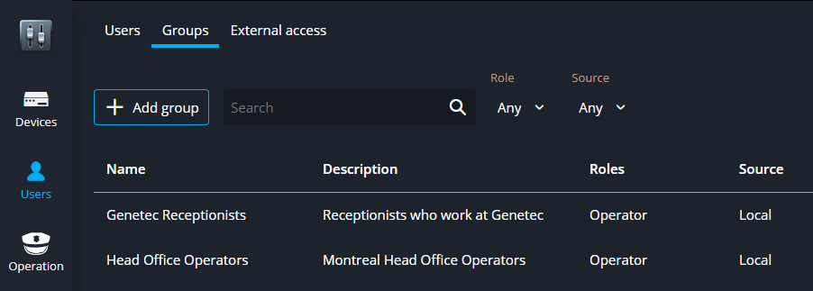 Selecteer in Genetec Configuration web de optie Gebruikers in de linkerzijbalk en klik op het tabblad Groepen.
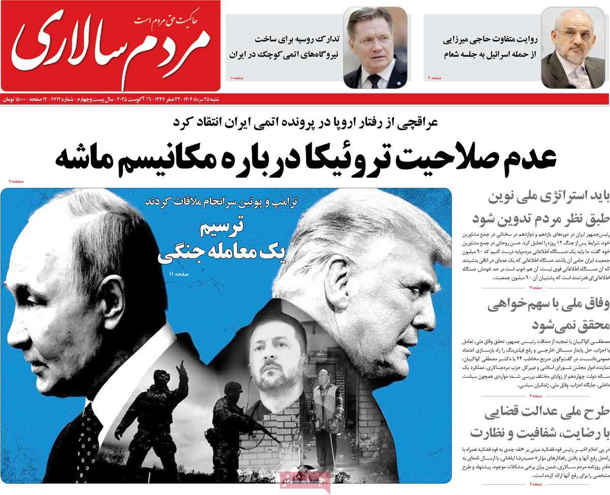 صفحه اول روزنامه مردم سالاری شنبه ۲۵ مرداد
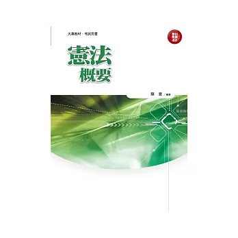 超值推薦2.並在課文中,針對每一題目作精心的解答。大力推薦3.讓同學一邊閱讀課文,掌握章節架構體系,同時一邊可掌握考題重點及解答關挖好康抗漲鍵。最新出版憲法為國家考試必考共同科目,本書針對選擇題題型而特別設計,與坊間的書籍編排方式不同。將憲法的所有理論,簡明扼要的以重點說明,可立即記憶,並且加入歷屆考題作為練習,是一本兼具考前衝刺及入門知識的書籍。限定產品作者簡介折價卷必買清單陳意折扣國立大學法學博士大學教師限時產品補習班教師商品訊息簡述:
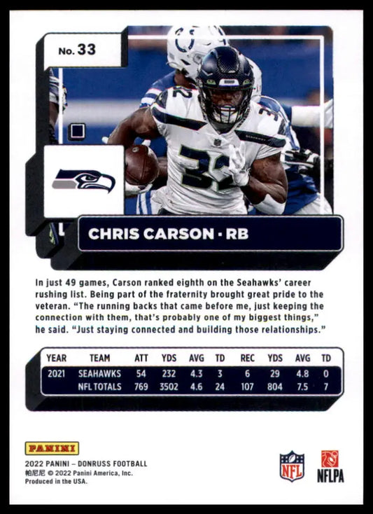 Chris Carson 2022 Donruss #33 Seattle Seahawks
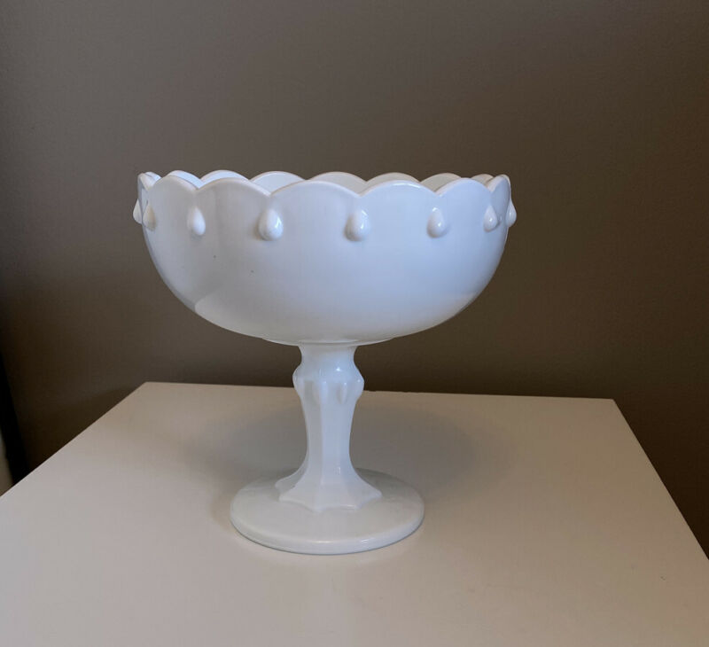 Title (ebay affiliate link): VINTAGE WHITE MILK GLASS FRUIT BOWL WITH PEDESTAL - 7.5" TALL
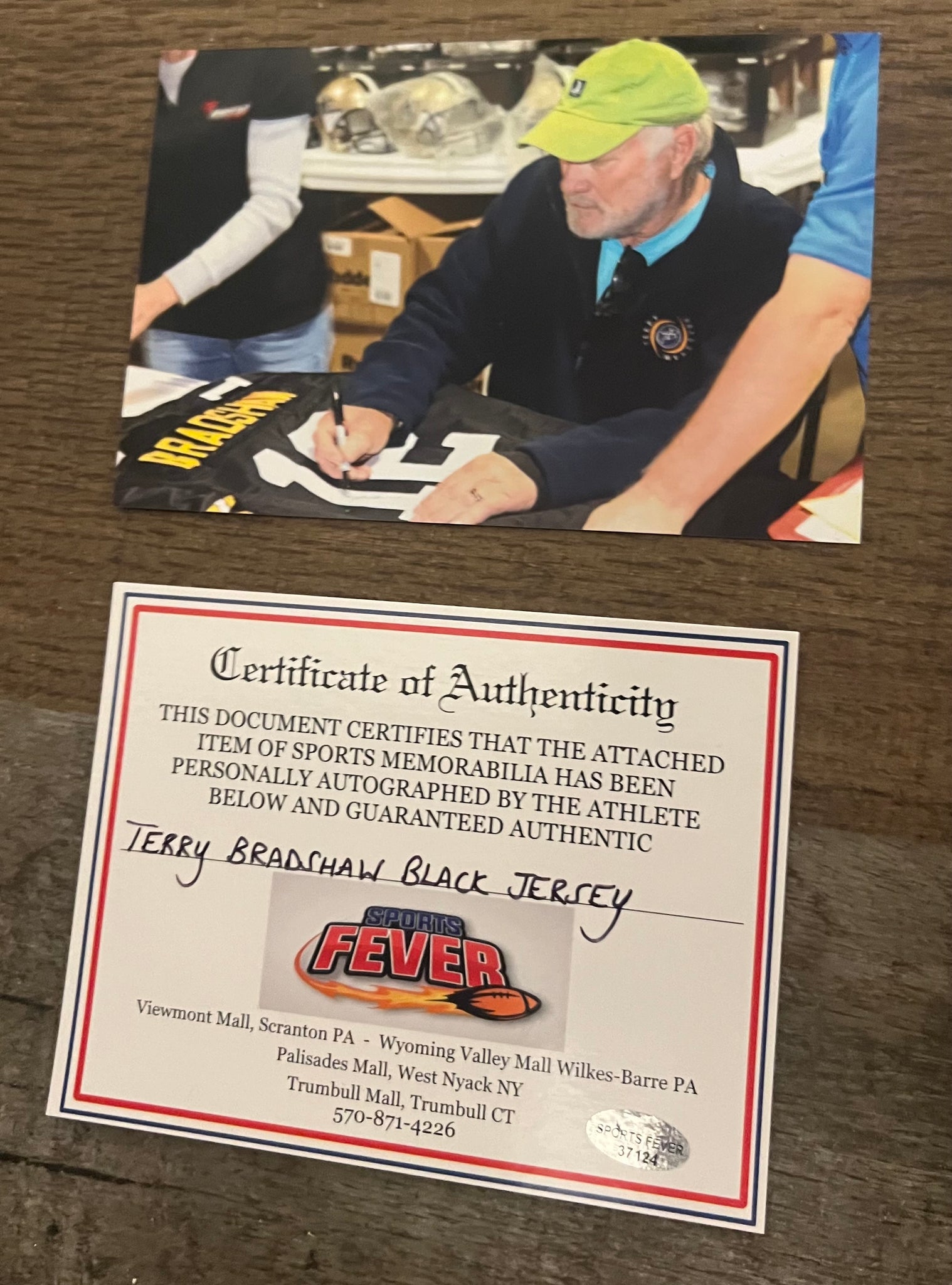 Terry Bradshaw Autographed jersey… Pittsburgh Steelers Hall of Fame Quarterback. … COA Sports Fever and you will also receive a 4x6 photo of Terry Bradshaw signing the jersey. The jersey is size XL and features stitched on letters and numbers. The jersey is made by Classic Authentics and is New/perfect condition
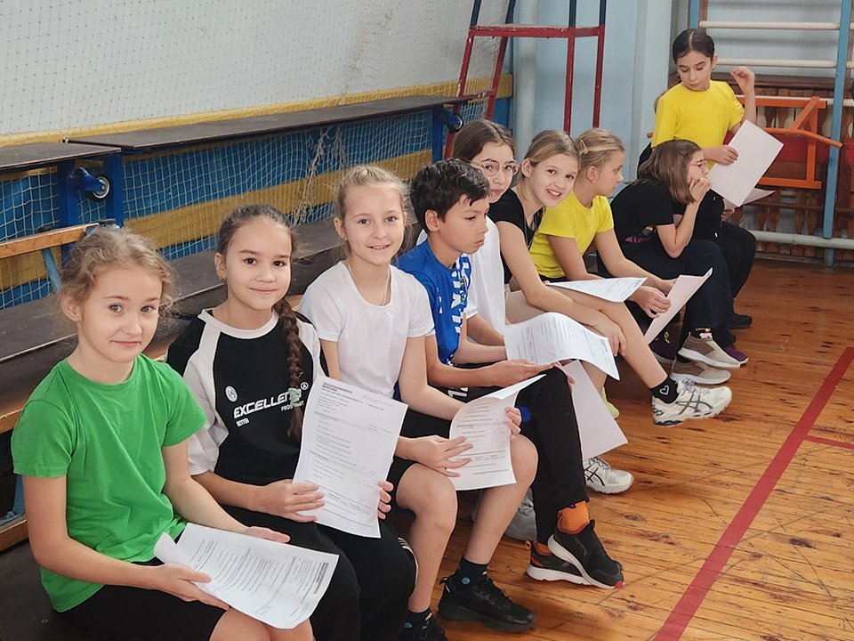 На мини-стадионе собрались ученики начальных классов школ №1, №2 и лицея №2. Каждому предстояло пройти от пяти до шести испытаний. В программу вошли подтягивания или отжимания, прыжки в длину, упражнения на пресс, челночный бег, наклон, метание и бег.
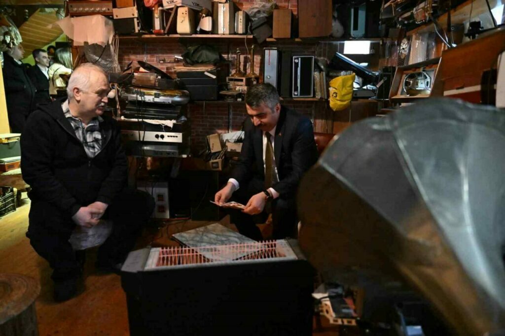 Yıldırım Belediye Başkanı Oktay Yılmaz, Bursa’da Yeşil Caddesi’ndeki atölyesinde 40 yıldır eski radyo ve gramofonları tamir edip çalışır hale getiren son usta ’Nostalji Doktoru’ olarak tanınan Ahmet Ali Şağın’ın (63) misafiri oldu. Şağın ile sohbet eden Başkan Oktay Yılmaz, atölyede bulunan radyo, gramofon ve müzik dolaplarını inceledi.
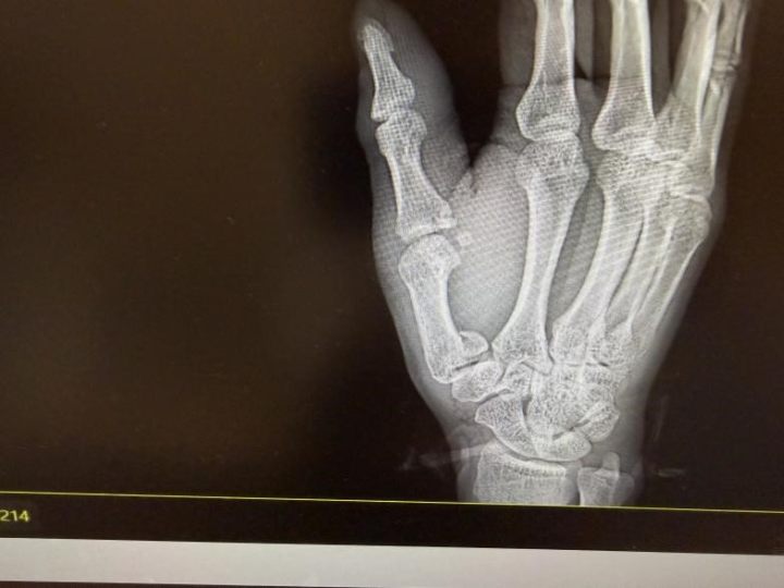 拍片结果印证了刘医生的判断,李先生右手第一掌骨、第一近节指骨基底部都骨折了。刘医生为他的伤口做了清创缝合,随后骨科医生也及时介入,做了临时石膏固定,后续李先生还得住院择期手术。
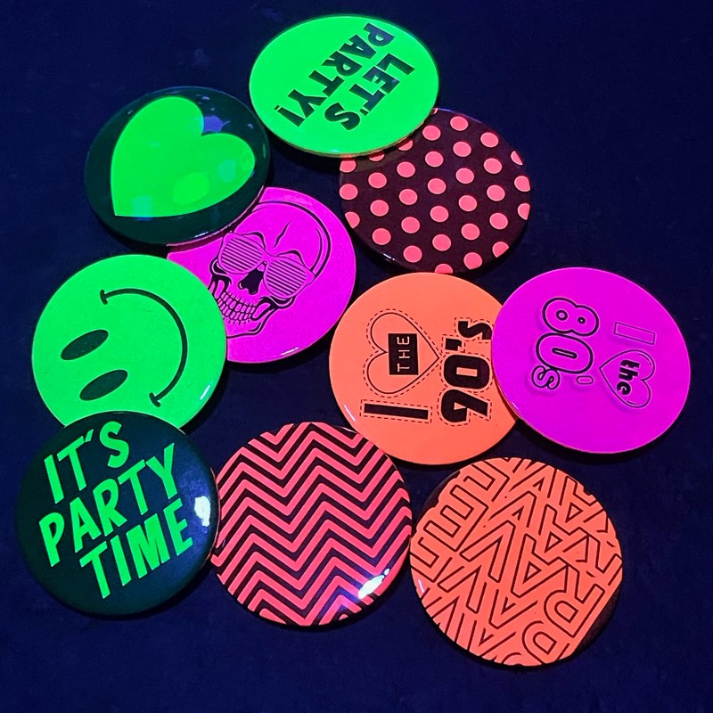 80's Skull Face with Sunglasses - I Love The 80s - 1980's Woman Small Mini Badges - Fluorescent Pink - UV Reactive Black Light Glow - Pin Button Badge - 3 Pack

_ _ _ _ _

An exact copy is needed of the entries above, starting at the line that holds "Chris Carson 2022" and stopping at the line that holds "На мини-стадионе собрались", both kept; pictures stay out.

ANSWER SECTION
 Chris Carson 2022 Donruss #33 Seattle Seahawks
 Title (ebay affiliate link): VINTAGE WHITE MILK GLASS FRUIT BOWL WITH PEDESTAL - 7.5" TALL
 Terry Bradshaw Autographed jersey… Pittsburgh Steelers Hall of Fame Quarterback. … COA Sports Fever and you will also receive a 4x6 photo of Terry Bradshaw signing the jersey. The jersey is size XL and features stitched on letters and numbers. The jersey is made by Classic Authentics and is New/perfect condition
 На мини-стадионе собрались ученики начальных классов школ №1, №2 и лицея №2. Каждому предстояло пройти от пяти до шести испытаний. В программу вошли подтягивания или отжимания, прыжки в длину, упражнения на пресс, челночный бег, наклон, метание и бег.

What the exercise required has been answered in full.